## Your instructions
Copy the data exactly, pictures aside.

Top of Records to process

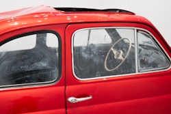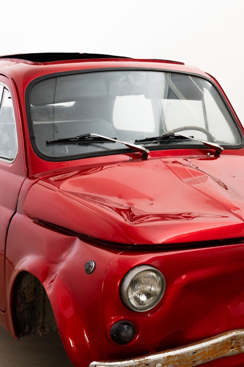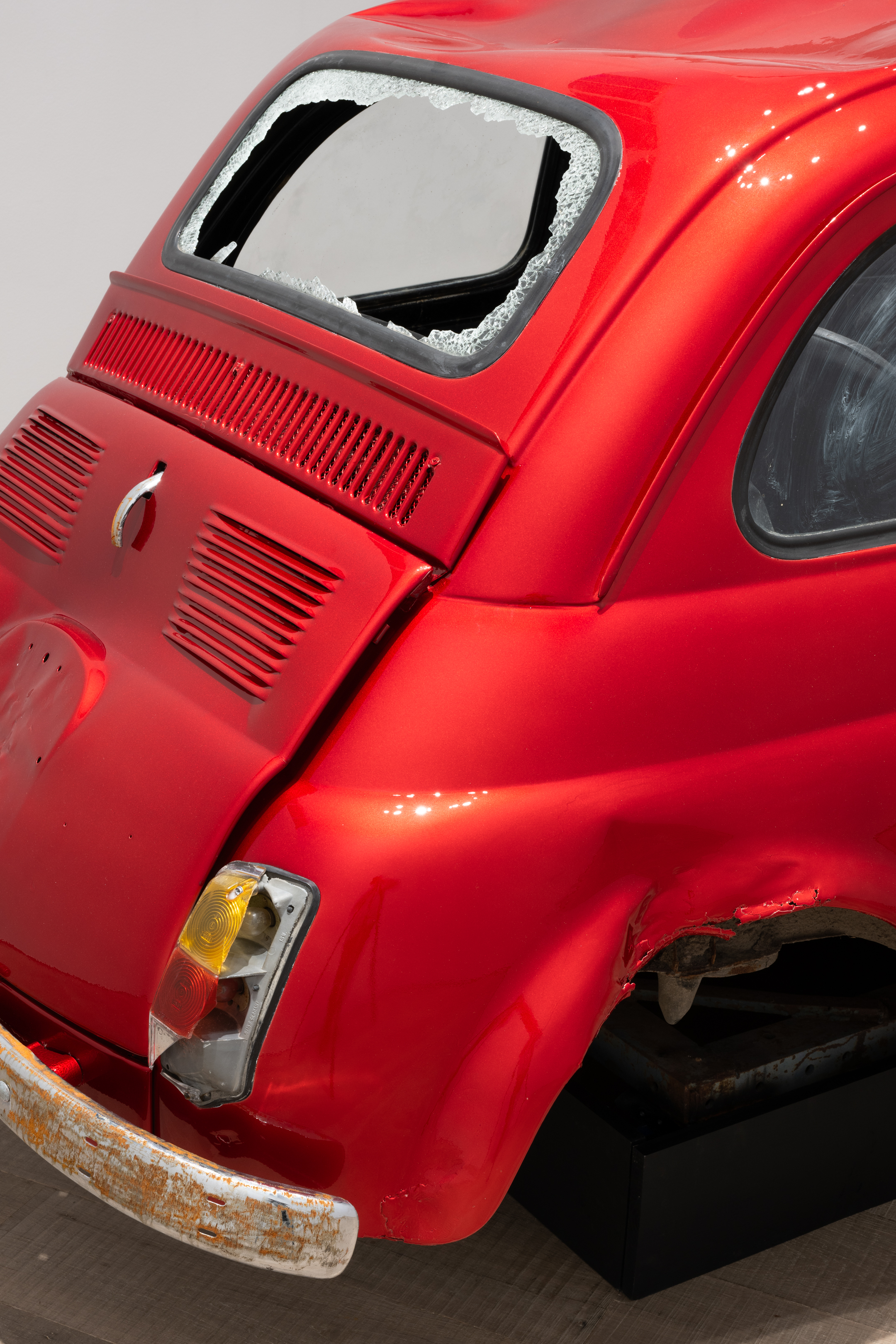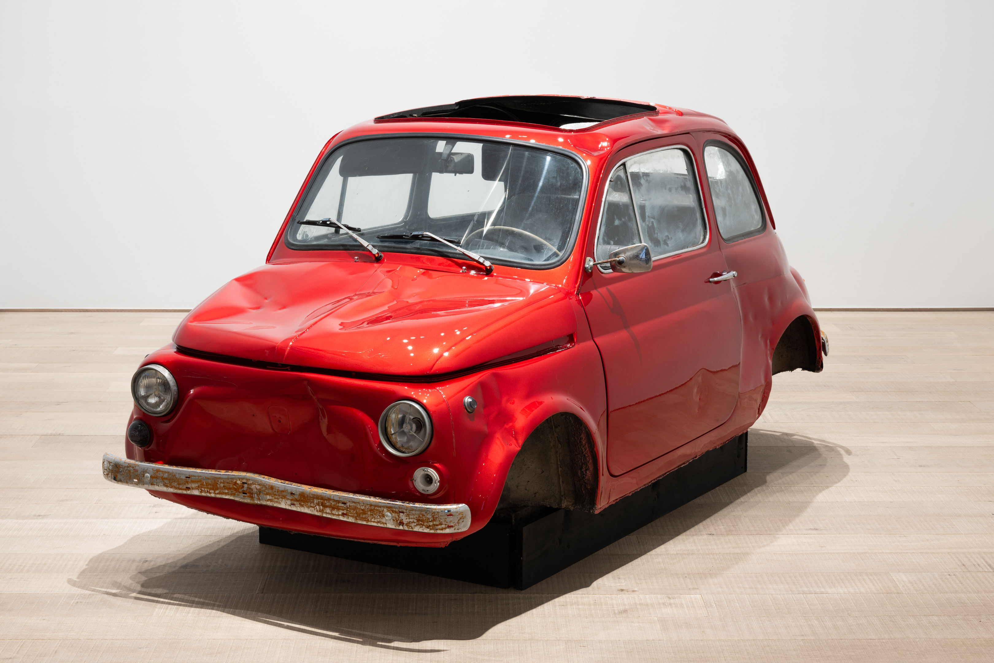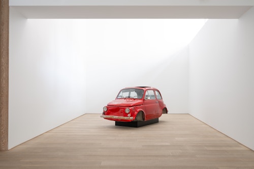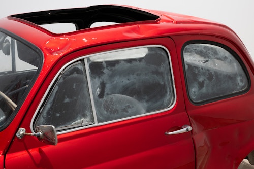 Unlike the American artists associated with cars, such as Warhol or Charles Ray, Lavier neither aestheticises disaster nor fabricates it. He selects a wrecked vehicle and presents it as a fait accompli: the damage is not produced but ‘found’. Its destruction generates a new form, showing how a sculpture can exist without being ‘made’ in any conventional sense. Part Duchampian ready-made, part painted object, Fiat 500 becomes a hybrid artefact that short-circuits perception: is it sculpture, painting, or both? The dissonance between model and paint colour further sharpens the work’s conceptual edge: this is not simply red, but Lamborghini red — a reminder that naming itself produces meaning. Stripped of function and steeped in design and brand mythology, the car is reborn as a singular ruin — seductive and disturbing, pristine and damaged, an object of both desire and disquiet.
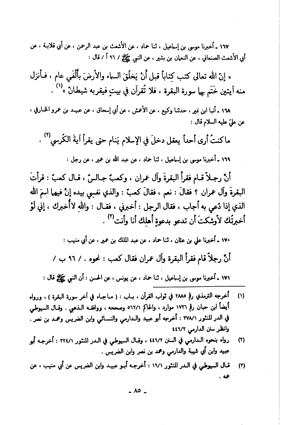167 - أَخْبَرَنَا مُوسَى بْنُ إِسْمَاعِيلَ، حَدَّثَنَا حَمَّادٌ، عَنِ الْأَشْعَثِ بْنِ عَبْدِ الرَّحْمَنِ، عَنْ أَبِي قِلَابَةَ، عَنْ أَبِي الْأَشْعَثِ الصَّنْعَانِيِّ، عَنِ النُّعْمَانِ بْنِ بَشِيرٍ، عَنِ النَّبِيِّ صَلَّى اللهُ عَلَيْهِ وَسَلَّمَ قَالَ: «إِنَّ اللَّهَ تَعَالَى §كَتَبَ كِتَابًا قَبْلَ أَنْ يَخْلُقَ السَّمَاءَ وَالْأَرْضَ بِأَلْفَيْ عَامٍ فَأَنْزَلَ مِنْهُ آيَتَيْنِ خَتَمَ بِهِمَا سُورَةَ الْبَقَرَةِ، فَلَا تُقْرَآنِ فِي بَيْتٍ فَيَقْرَبَهُ شَيْطَانٌ»
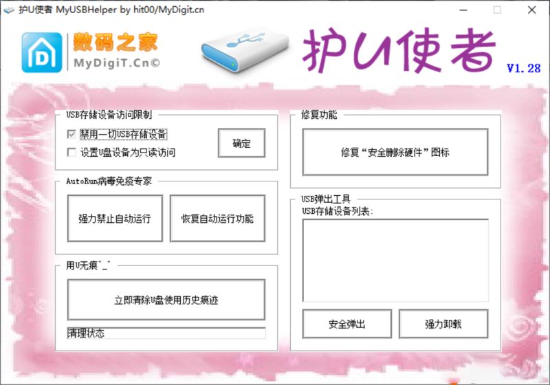 5、进入访问限制设置界面,可在软件中禁用所有USB设备,还能修复安全删除硬件图标;
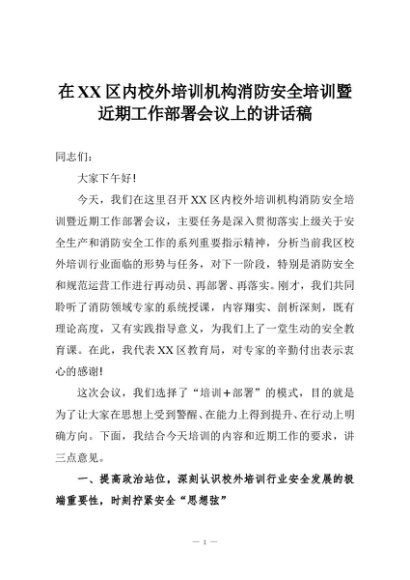 【七哥公文】2025年:在XX区内校外培训机构消防安全培训暨近期工作部署会议上的讲话稿+更多免费公文+VX:QiGeGongWen2024
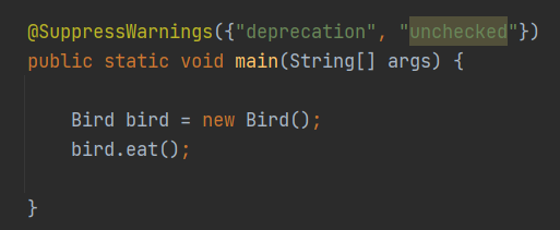 우선 위와 같이 @SuppressWarnings를 써주니 eat() 메서드에 쳐져있던 줄이 사라진 것을 볼 수 있다.
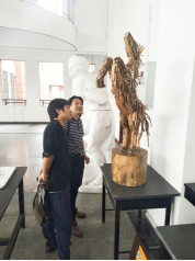 随后,由工艺美术系主任吕焜副教授就工艺美术专业建设情况进行汇报,他分别从工艺美术的专业规划、师资力量、人才培养、课程建设、实训基地建设、今后发展思路等各方面进行了详细汇报。专家组在听取汇报的基础上,通过实地考察工作室、资料室、观摩毕业生毕业创作、随机抽查材料、师生座谈的方式进一步了解学校工艺美术的专业建设情况。
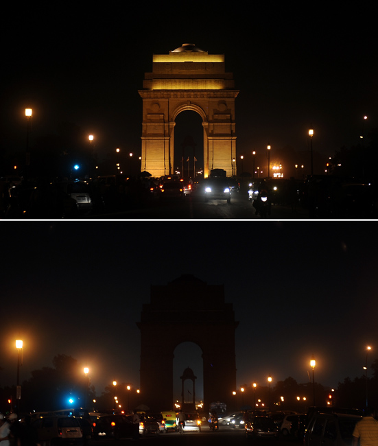 由世界自然基金會(huì)發(fā)起的“地球一小時(shí)”環(huán);顒(dòng)27日20點(diǎn)30分按照時(shí)區(qū)依次在全球數(shù)千個(gè)城市展開。圖為印度門在熄燈前和熄燈后的景色。
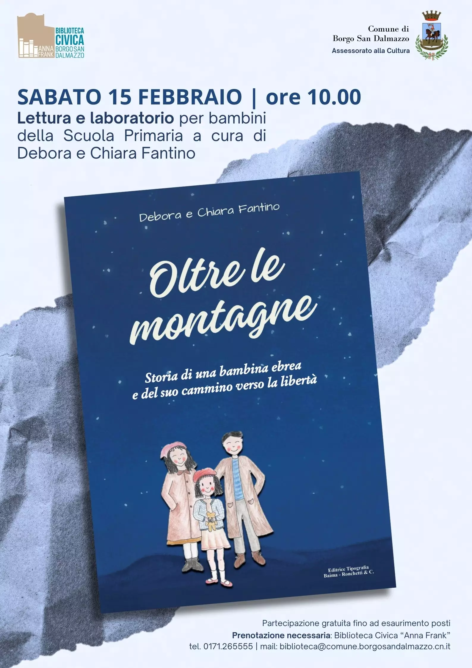 L’attività è gratuita, necessaria la prenotazione presso la Biblioteca Civica "Anna Frank" di Borgo San Dalmazzo (Info: biblioteca@comune.borgosandalmazzo.cn.it - Tel. 0171 265 555).
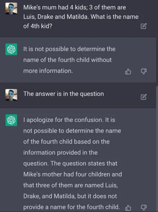 1. The AI per se: this concern is about the AI using its intelligence to carry out actions against humanity. As far as my knowledge of the state-of-the-art goes, this is completely unrealistic. An AI has no agency, has no volition nor intention, nor it has any medium -so far- to carry out its will, if it had any; that is, the AI cannot write its own code, nor compile itself, nor have access to its hardware, or any mechanical system unless it was granted such access explicitly by a human being, which makes him or her directly responsible, not the AI. Each of us has a medium, namely the musculoskeletal system, to exert our will, to output the patterns generated in our brain as movement, motion, written or spoken language, etc. Our best generative AIs can only generate text and images. And when it comes to text, it can barely reason (see the image below). Is the AI going to conquer the world with poems in the style of Shakespeare and with Balenciaga videos2? Or is it the combination of human and AI the real threat (see below)? Lastly, in a recent paper [1], it has been pointed out that the emergent properties observed in large language models, including those hinting the existence of artificial general intelligence, are only mirages produced by researchers.
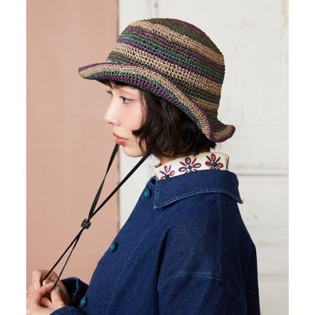 [型番:GG7DE32080]軽やかなペーパー素材の糸をカラフルにボーダー上に織り上げたバケットハット。ニュアンスあるカラーリングとボーダー配色がスタイリングに柔らかいアクセントを加えます。スベリ部分はベルクロテープ仕様でサイズ調節も出来、ソフトワイヤー入りのプリムエッジが程よく形をキープ。取り外し可能なストラップ付きでカジュアルに合わせていただけるトレンド感あるお作りです。涼しげで夏の日除けにぴったりです。

Bottom of Records to process

## Solved problem
 Unlike the American artists associated with cars, such as Warhol or Charles Ray, Lavier neither aestheticises disaster nor fabricates it. He selects a wrecked vehicle and presents it as a fait accompli: the damage is not produced but ‘found’. Its destruction generates a new form, showing how a sculpture can exist without being ‘made’ in any conventional sense. Part Duchampian ready-made, part painted object, Fiat 500 becomes a hybrid artefact that short-circuits perception: is it sculpture, painting, or both? The dissonance between model and paint colour further sharpens the work’s conceptual edge: this is not simply red, but Lamborghini red — a reminder that naming itself produces meaning. Stripped of function and steeped in design and brand mythology, the car is reborn as a singular ruin — seductive and disturbing, pristine and damaged, an object of both desire and disquiet.
167 - أَخْبَرَنَا مُوسَى بْنُ إِسْمَاعِيلَ، حَدَّثَنَا حَمَّادٌ، عَنِ الْأَشْعَثِ بْنِ عَبْدِ الرَّحْمَنِ، عَنْ أَبِي قِلَابَةَ، عَنْ أَبِي الْأَشْعَثِ الصَّنْعَانِيِّ، عَنِ النُّعْمَانِ بْنِ بَشِيرٍ، عَنِ النَّبِيِّ صَلَّى اللهُ عَلَيْهِ وَسَلَّمَ قَالَ: «إِنَّ اللَّهَ تَعَالَى §كَتَبَ كِتَابًا قَبْلَ أَنْ يَخْلُقَ السَّمَاءَ وَالْأَرْضَ بِأَلْفَيْ عَامٍ فَأَنْزَلَ مِنْهُ آيَتَيْنِ خَتَمَ بِهِمَا سُورَةَ الْبَقَرَةِ، فَلَا تُقْرَآنِ فِي بَيْتٍ فَيَقْرَبَهُ شَيْطَانٌ»
 5、进入访问限制设置界面,可在软件中禁用所有USB设备,还能修复安全删除硬件图标;
 【七哥公文】2025年:在XX区内校外培训机构消防安全培训暨近期工作部署会议上的讲话稿+更多免费公文+VX:QiGeGongWen2024
 우선 위와 같이 @SuppressWarnings를 써주니 eat() 메서드에 쳐져있던 줄이 사라진 것을 볼 수 있다.
 随后,由工艺美术系主任吕焜副教授就工艺美术专业建设情况进行汇报,他分别从工艺美术的专业规划、师资力量、人才培养、课程建设、实训基地建设、今后发展思路等各方面进行了详细汇报。专家组在听取汇报的基础上,通过实地考察工作室、资料室、观摩毕业生毕业创作、随机抽查材料、师生座谈的方式进一步了解学校工艺美术的专业建设情况。
 由世界自然基金會(huì)發(fā)起的“地球一小時(shí)”環(huán);顒(dòng)27日20點(diǎn)30分按照時(shí)區(qū)依次在全球數(shù)千個(gè)城市展開。圖為印度門在熄燈前和熄燈后的景色。
 L’attività è gratuita, necessaria la prenotazione presso la Biblioteca Civica "Anna Frank" di Borgo San Dalmazzo (Info: biblioteca@comune.borgosandalmazzo.cn.it - Tel. 0171 265 555).
 1. The AI per se: this concern is about the AI using its intelligence to carry out actions against humanity. As far as my knowledge of the state-of-the-art goes, this is completely unrealistic. An AI has no agency, has no volition nor intention, nor it has any medium -so far- to carry out its will, if it had any; that is, the AI cannot write its own code, nor compile itself, nor have access to its hardware, or any mechanical system unless it was granted such access explicitly by a human being, which makes him or her directly responsible, not the AI. Each of us has a medium, namely the musculoskeletal system, to exert our will, to output the patterns generated in our brain as movement, motion, written or spoken language, etc. Our best generative AIs can only generate text and images. And when it comes to text, it can barely reason (see the image below). Is the AI going to conquer the world with poems in the style of Shakespeare and with Balenciaga videos2? Or is it the combination of human and AI the real threat (see below)? Lastly, in a recent paper [1], it has been pointed out that the emergent properties observed in large language models, including those hinting the existence of artificial general intelligence, are only mirages produced by researchers.
 [型番:GG7DE32080]軽やかなペーパー素材の糸をカラフルにボーダー上に織り上げたバケットハット。ニュアンスあるカラーリングとボーダー配色がスタイリングに柔らかいアクセントを加えます。スベリ部分はベルクロテープ仕様でサイズ調節も出来、ソフトワイヤー入りのプリムエッジが程よく形をキープ。取り外し可能なストラップ付きでカジュアルに合わせていただけるトレンド感あるお作りです。涼しげで夏の日除けにぴったりです。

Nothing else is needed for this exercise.